Later on Catherine would cackle with glee telling me how lawyers from all over town pillaged Tedesco's place for weeks after his death, helping her reclaim her share of their estate so the parents couldn't haul it away.
Police and Tedesco's investigator thought they had a good lead when they discovered Tedesco's stolen Corvette parked at a shopping mall. They staked it out for three days until they spotted a man sneaking around only to discover he wanted to steal the thing himself. So they gave up and just listed the car as abandoned.
Their investigation of Catherine's client base and previous life did turn up a connection to another possible suspect named Tommy Bell. He was destined to become a defendant with Catherine in an unsuccessful, last gasp, $10 million wrongful death civil lawsuit filed by the family one year after the murder alleging the two of them had conspired to kill Tedesco.
Investigators uncovered other sordid tales of repeated confrontations with the men in her past. A former court bailiff said an extramarital affair with Catherine had ended with her blackmailing him for money so she could abort his child. Then she told his wife anyway, destroying his life and leaving him penniless.
Farther back in her mid-1970s law school days at the University of Houston, they found a former law student who had dated her. After their break-up, he suspected her in several acts of violence that included the beating of a new girlfriend, the burning of his apartment, and the ramming of his car in a fit of rage. After graduating, he said, he took his law degree, joined the US Marine Corps, and quietly relocated to another state, glad to be out of her life.
Prior to that, they learned Catherine had been married to a classmate from the University of Texas who had joined the Navy and taken her to Tokyo with him. The product of a private Catholic girls' high school in Houston, she had returned home after that split determined to become a lawyer. She earned her undergraduate degree in 1974 from the University of Houston and stayed on to collect a law degree there in 1977. But the first husband, like most everyone else in her past, remained out of sight as foggy rumors filtered into the investigation. They heard tales of a military probe that followed complaints she had tried to shoot him while they lived in Japan.

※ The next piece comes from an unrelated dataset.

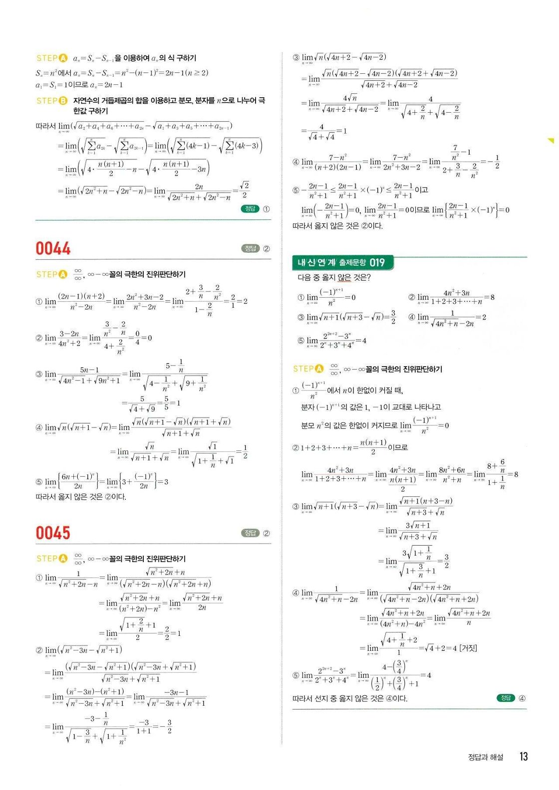 마플시너지 미적분 답지 해설 바로보기 1-455

But no firm evidence emerged to do more than just color her reputation.
Although frustrated by their failure to tie her to Tedesco's murder, the family's investigators still felt confident they could destroy her claim to ever have been Tedesco's common law wife. And the lawyers waited with great anticipation for what they believed would be the highlight of their pretrial campaign: the July deposition of Catherine herself and a chance to question her under oath in a setting where invocation of the Fifth Amendment against self-incrimination would blow a big hole in her desire to convince any jury she deserved George Tedesco's estate.
THREE
July 17, 1979
To win Tedesco's estate under Texas' common-law marriage rules, Catherine would have to convince a jury that the three months they had lived together in late 1977 constituted a state of informal matrimony. She could argue that length of cohabitation is not an element in proving a marriage, and Texas laws would bolster that contention. Texas allowed couples to declare themselves married without the trappings of a ceremony if they chose. But she knew jurors likely would want some strong evidence to counter any disgust with the short duration of their actual cohabitation. So she hammered that philosophy repeatedly during a marathon, ten-hour pre-trial deposition most remarkable for its moments of X-rated anecdotes and angry exchanges with a pair of lawyers representing the parents of the murdered anesthesiologist.
Unencumbered by the need to clear all questions, answers, or voluntary responses with a judge, that session deteriorated immediately into a legal free-for-all with Catherine using the forum to torment her adversaries. Just like police detectives investigating Tedesco's murder, the Tedesco family's team of estate lawyers would leave the session with nothing in the way of confession about the crime. But they would compile a written record confirming suspicions that Catherine boasted special skills for frustrating anyone who stood in her way.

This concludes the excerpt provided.